Kit looked at Shorty, who delayed to answer.

“He’s got his wife with him,” Kit suggested. Nor had he mistaken his man.

“Sure,” Shorty affirmed. “It was just what I was stopping to think about. I knew there was some reason I ought to do it.”

Again they turned to go, but Sprague and Stine made no movement.

“Good luck, Smoke,” Sprague called to him. “I’ll – er – ” He hesitated. “I’ll just stay here and watch you.”

“We need three men in the boat, two at the oars and one at the steering-sweep,” Kit said quietly.

Sprague looked at Stine.

“I’m damned if I do,” said that gentleman. “If you’re not afraid to stand here and look on, I’m not.”

“Who’s afraid?” Sprague demanded hotly.

Stine retorted in kind, and their two men left them in the thick of a squabble.

“We can do without them,” Kit said to Shorty. “You take the bow with a paddle, and I’ll handle the steering-sweep. All you’ll have to do is just to help keep her straight. Once we’re started, you won’t be able to hear me, so just keep on keeping her straight.”

They cast off the boat and worked out to middle in the quickening current. From the Canyon came an ever-growing roar. The river sucked in to the entrance with the smoothness of molten glass, and here, as the darkening walls received them, Shorty took a chew of tobacco and dipped his paddle. The boat leaped on the first crests of the ridge, and they were deafened by the uproar of wild water that reverberated from the narrow walls and multiplied itself. They were half-smothered with flying spray. At times Kit could not see his comrade at the bow. It was only a matter of two minutes, in which time they rode the ridge three-quarters of a mile and emerged in safety and tied to the bank in the eddy below.
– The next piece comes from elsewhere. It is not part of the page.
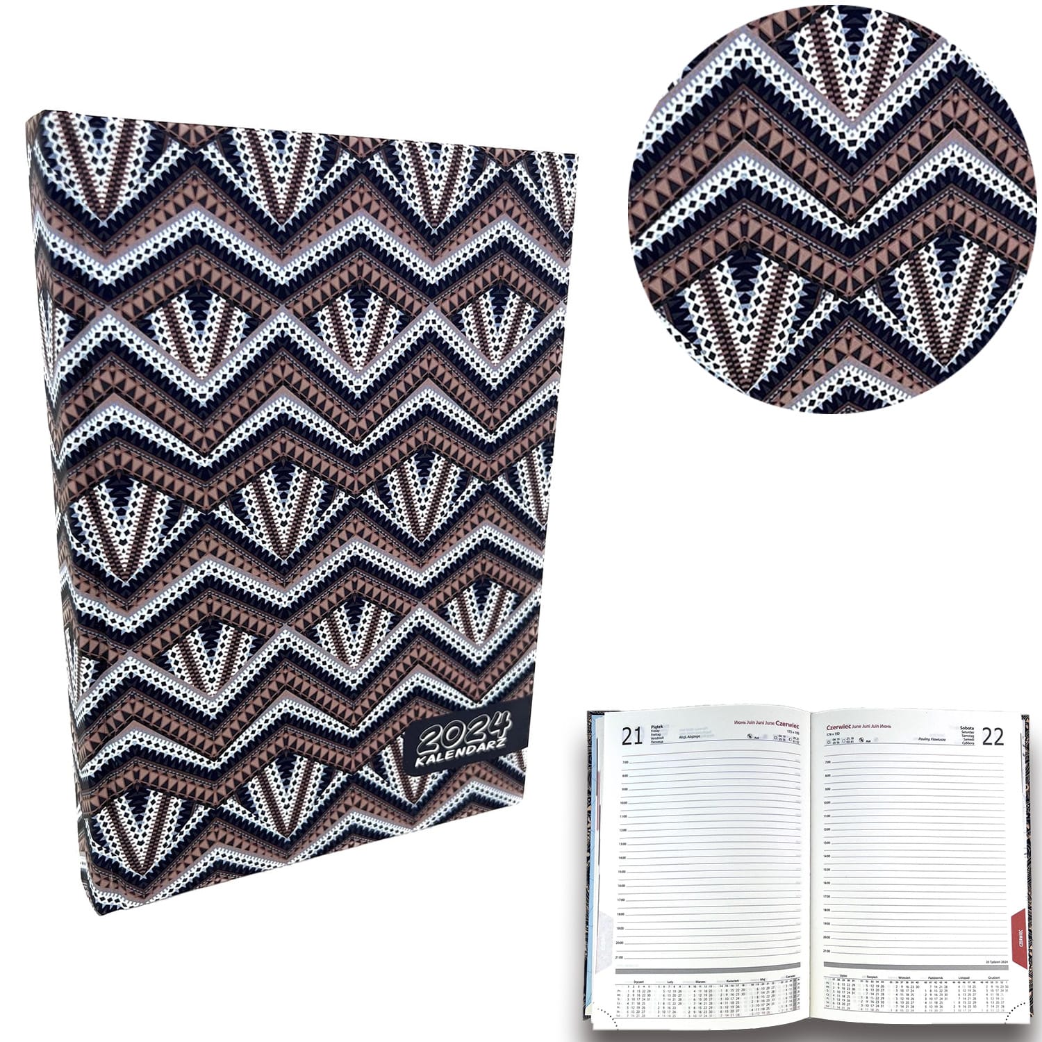 Kalendarz 2024 dzienny A5 soft touch zygzaki EV230036

Shorty emptied his mouth of tobacco juice – he had forgotten to spit – and spoke.

“That was bear-meat,” he exulted, “the real bear-meat. Say, we want a few, didn’t we? Smoke, I don’t mind tellin’ you in confidence that before we started I was the gosh-dangdest scaredest man this side of the Rocky Mountains. Now I’m a bear-eater. Come on an’ we’ll run that other boat through.”
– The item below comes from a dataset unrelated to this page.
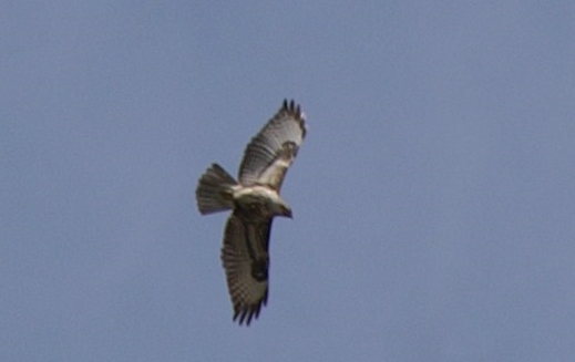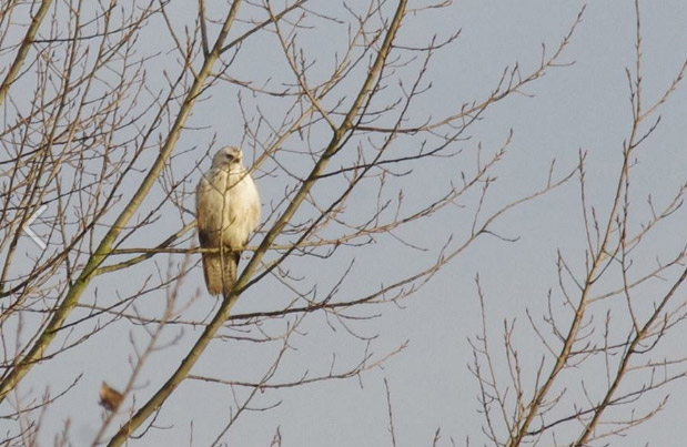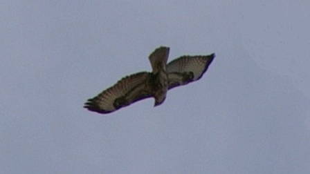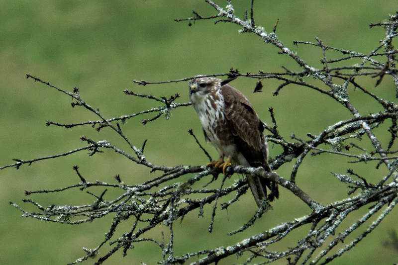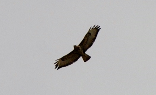 Photo prise en mai. La coloration de la Buse variable peut varier fortement, du brun foncé au blanc presque pur, en passant par toutes sortes de nuances intermédiaires. Les individus foncés avec une bande pectorale claire sont les plus nombreux.

Midway back, on foot, they encountered their employers, who had watched the passage from above.

“There comes the fish-eaters,” said Shorty. “Keep to win’ward.”

After running the stranger’s boat through, whose name proved to be Breck, Kit and Shorty met his wife, a slender, girlish woman whose blue eyes were moist with gratitude. Breck himself tried to hand Kit fifty dollars, and then attempted it on Shorty.

“Stranger,” was the latter’s rejection, “I come into this country to make money outa the ground an’ not outa my fellow critters.”